L’Astemia Pentita, Barolo (Cuneo), Italy, project: Gianni Arnaudo Architecte

 

 

Project and Art Direction: Gianni Arnaudo; Floors and Cladding: Graniti Fiandre; Boxes Exterior Shell: Woodn; Client: Sandra Vezza. Photos: Dario Fusaro

 

 

Up in the Cannubi hills in Barolo where the best vineyards in the Langhe region grow on the slopes leading up to the town centre, there is the first-ever Pop winery called “L’Astemia Pentita”, the brainchild of Sandra Vezza. The building’s architecture is a declaration of love for pop aesthetics.

 

 

Two large overlapping structures built across the rolling hills of Cannubi look rather like two oversized crates of wine. All the production work goes on underground and there is no fence to protect the winery, which is simply surrounded by rows of vines to respect the environment and create very close links with the landscape.

 

 

Sandra’s interiors focus on natural materials related to winemaking, like, for example, the raffia palm used for wrapping up the bottles and protecting them during transportation. Tradition and boldness combine and contrast to create an architectural project that is unique of its kind.

 

 

The floor, which evokes nature and tradition, contrasts with the winery’s ceilings that are decorated with mural paintings by local artists in a surrealist Pop Art style, giving visitors the feeling of actually being inside a crate of wine just as I hand reaches in to take out a bottle.

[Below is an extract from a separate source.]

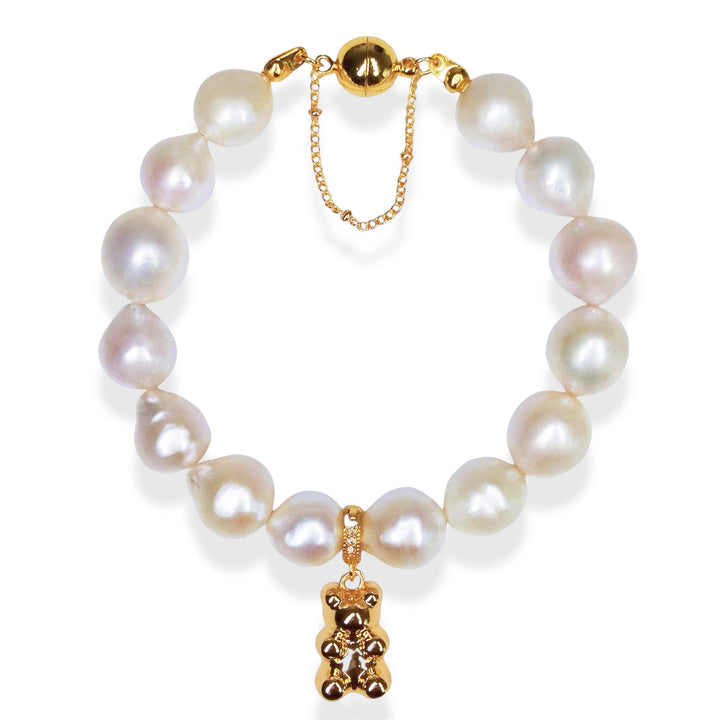 This bracelet is made from gold-filled findings and natural freshwater pearls. It features a detachable gold-tone bear charm.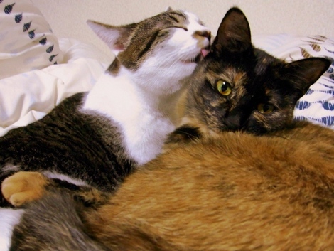 3ヶ月違いの仲良し2匹組です。 血は繋がっていませんが、お姉ちゃん(うずら)がとても面倒見がいいので、妹分(ひじき)の甘えに面倒くさそうにしながらも、よく相手してあげています。

The winery’s furnishing features some iconic products by Gufram, such as the Mouth sofa, Cactus and more recent projects like the Roxanne armchair.

 

 

When Gianni Arnaudo designed “L’Astemia Pentita”, he was not setting out to provoke or cause a scandal but simply to use architecture as a visual means of writing a sentence in a very different kind of handwriting. As regards the idea behind this winery, his intention was to give the construction some ethical value, focusing on its packaging, which in our age is often more important than what it contains.

 

 

Just like in other works by Arnaudo, even in the realm of design (such as the Dejeuner sur l’arbre table belonging to the Pompidou Centre’s permanent collection in Paris), the message is conveyed drawing on to Pop Art techniques: “zooming” and irony.

 

 

Zooming – on an object, the two overlapping staggered microscopically rendered boxes – in order to focus on the concept rather than the construction (which is, in fact, quite small); irony, a very old method of criticism (and certainly not a Pop invention): a way of pointing out current contradictions in the world of winemaking and marketing.